Regarding the observed variation, confidence intervals for the observed statistics are wider than their null counterparts, and these discrepancies in amplitude are higher in the statistics based on the observed-expected comparisons than in the rate-based statistics. Of note is the agreement among the statistics in detecting which is the most variable procedure, all suggesting that knee replacement has the highest point and the widest confidence interval estimates, being very far removed from the null hypothesis. However, this agreement is not observed when trying to elucidate which procedure presents the lowest variability. While most statistics detect that admissions for hip fracture and appendectomy seem to have the lowest point estimates, the χ^{2}, Bohning and Dean tests suggest that pacemaker implant or lower extremity amputation, the two procedures with the lowest rates, appear to have lower point estimates than those obtained for the rest of the procedures. Representing together confidence intervals of the statistics and those obtained under homogeneity in the same graph allows us to derive more reliable conclusions regarding the underlying variability. Specifically, the closer they are, the less probability for systematic variation (i.e., beyond chance). Note also that excluding the 5% of extreme rates in some statistics seems negligible with regard to the comparison between null and observed intervals, because the expected variability depicted is lower when excluding them both under the null hypothesis and under the observed variability.

### Small scale simulation study results

The empirical power of the statistics is presented in Figure 2 for a high-rate (hip fracture) and a low-rate (lower extremity amputation) procedure. In both cases, the most powerful were those based on the observed-expected relationship, such as χ^{2}, Bohning, EB and Dean statistics. However, the statistics' behaviour changed radically depending on the rate of the procedure, and were more powerful when a high-rate procedure was considered.

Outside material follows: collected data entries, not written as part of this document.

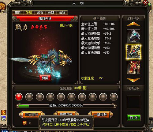 在「坐騎」頁籤中,英雄可以選擇各種提升方式為培養自己的戰騎,最為常用的自然是「榮譽提升」,英雄可通過消耗一定的榮譽點來獲取坐騎經驗值。除了「榮譽提升」外,培養坐騎還能通過「元寶提升」和 VIP 專屬的「一鍵提升」。
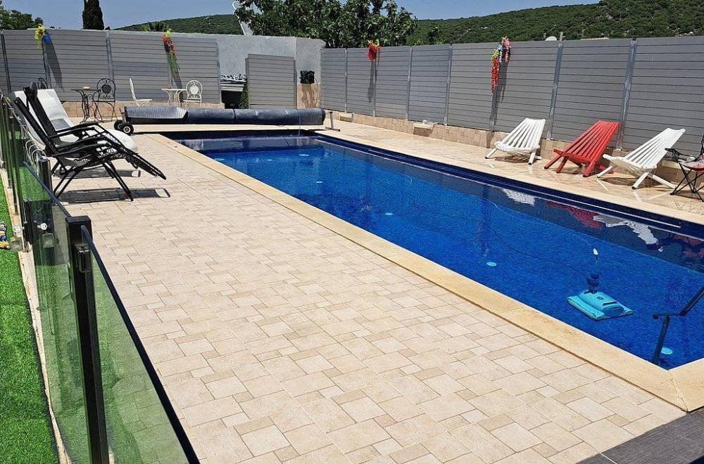 בריכת שחייה מתועשת מפסיפס, גודל 11X4 הבריכה מגודרת
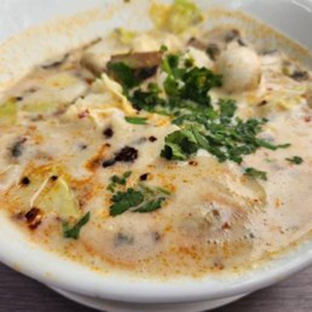 A creamy and flavorful coconut milk soup with mushrooms, tomatoes, galangal, lemongrass, kaffir lime leaves, chili, and your choice of protein (tofu or vegetables). Topped with cilantro.
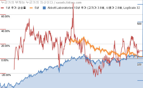 - 포스팅일 기준, 애벗 래버러토리의 1, 3, 5, 10년 연평균 주가상승률은 10.65%, 5.48%, 2.86%, 10.77%이다.
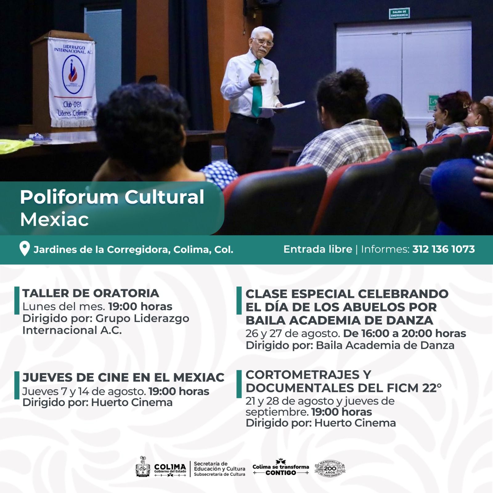 La Subsecretaría de Cultura del Gobierno del Estado de Colima publica su agenda del mes de agosto, con más de 60 actividades artísticas, entre talleres para todo público, cursos de verano, funciones de teatro, conferencias, charlas y proyecciones de cine.
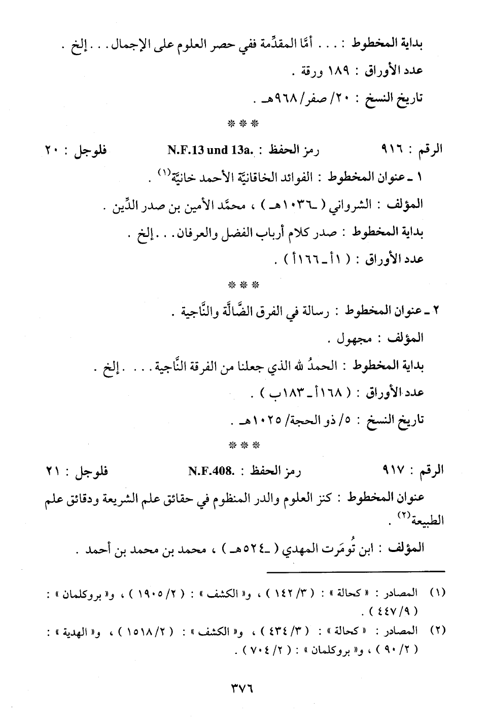 الرقم: 916. . . رمز الحفظ: N.F.13 und 13 a . . . فلوجل: 20

Confidence intervals for the statistics under the six scenarios and for the high and low rate procedures are given in Figure 3. With regard to their capacity to distinguish between alternative scenarios, most statistics have a parabolic shape from H_{0} to S_{6}. They are, thus, able to distinguish between the alternatives, and the higher the variability induced by raising the rates of the non-homogeneous risk regions (scenarios S_{4}–S_{6} relative to scenarios S_{1}–S_{3}) or by increasing the number of regions with non-homogeneous risk (S_{3} and S_{6} compared to the rest), the easier it is to detect differences between scenarios. The EQ_{5–95} statistic seems to be the least able to distinguish between different degrees of variability, whereas the CVw, EB, χ^{2} and the Bohning test are the best for this purpose when the rate of the procedure is high (dotted line). These tests do not perform as well when this rate is low in low-variability scenarios S_{1}–S_{3}. Note also that there are not remarkable differences between the performance of the statistics based on rates and their counterpart statistics after excluding the 5% of extreme rates of each tie, apart from the reduction on the punctual estimates and the slight reduction on the amplitude in the later, more apparent in the low-rate procedure setting.

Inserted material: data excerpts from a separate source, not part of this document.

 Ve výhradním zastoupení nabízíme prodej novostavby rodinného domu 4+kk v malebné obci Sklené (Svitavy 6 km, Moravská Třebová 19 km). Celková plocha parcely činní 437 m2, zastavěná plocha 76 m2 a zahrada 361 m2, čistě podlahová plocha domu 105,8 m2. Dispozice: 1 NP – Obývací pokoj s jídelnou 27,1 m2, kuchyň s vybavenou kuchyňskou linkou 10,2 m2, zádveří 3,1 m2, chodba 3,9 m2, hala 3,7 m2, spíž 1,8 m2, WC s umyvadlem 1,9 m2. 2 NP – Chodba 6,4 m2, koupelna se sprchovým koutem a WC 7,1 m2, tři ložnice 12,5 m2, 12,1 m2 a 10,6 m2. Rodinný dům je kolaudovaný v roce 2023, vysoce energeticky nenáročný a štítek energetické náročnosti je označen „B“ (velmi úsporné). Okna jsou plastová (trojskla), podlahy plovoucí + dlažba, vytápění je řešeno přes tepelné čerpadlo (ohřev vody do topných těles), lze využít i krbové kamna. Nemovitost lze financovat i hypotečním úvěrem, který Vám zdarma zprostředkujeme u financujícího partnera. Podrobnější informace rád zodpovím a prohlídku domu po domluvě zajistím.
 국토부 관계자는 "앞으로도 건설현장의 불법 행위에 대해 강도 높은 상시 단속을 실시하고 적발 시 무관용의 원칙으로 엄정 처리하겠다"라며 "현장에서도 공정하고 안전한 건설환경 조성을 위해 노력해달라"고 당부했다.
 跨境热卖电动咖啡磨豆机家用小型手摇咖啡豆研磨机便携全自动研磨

Figure 3 also reveals some interesting findings with regard to the differences between the statistics' behaviour when the procedure rate is considered. To compare the variability of different procedures, statistics must not be affected by the procedure rate. As we can see in Figure 3, only the SCV, SCV_{5–95} and EB statistics uphold this assumption. Furthermore, EB has the narrowest confidence intervals, particularly for the low-rate procedures compared to the SCV and SCV_{5–95}. This finding explains why EB is more powerful than the others when low rate procedures are studied. In contrast, all the statistics based on rates (upper row) show that a high-rate procedure would always be considered to have lower variability than a low-rate procedure. For the χ^{2} and the Bohning and Dean statistics the opposite is true, and only under H_{0} they are equivalent.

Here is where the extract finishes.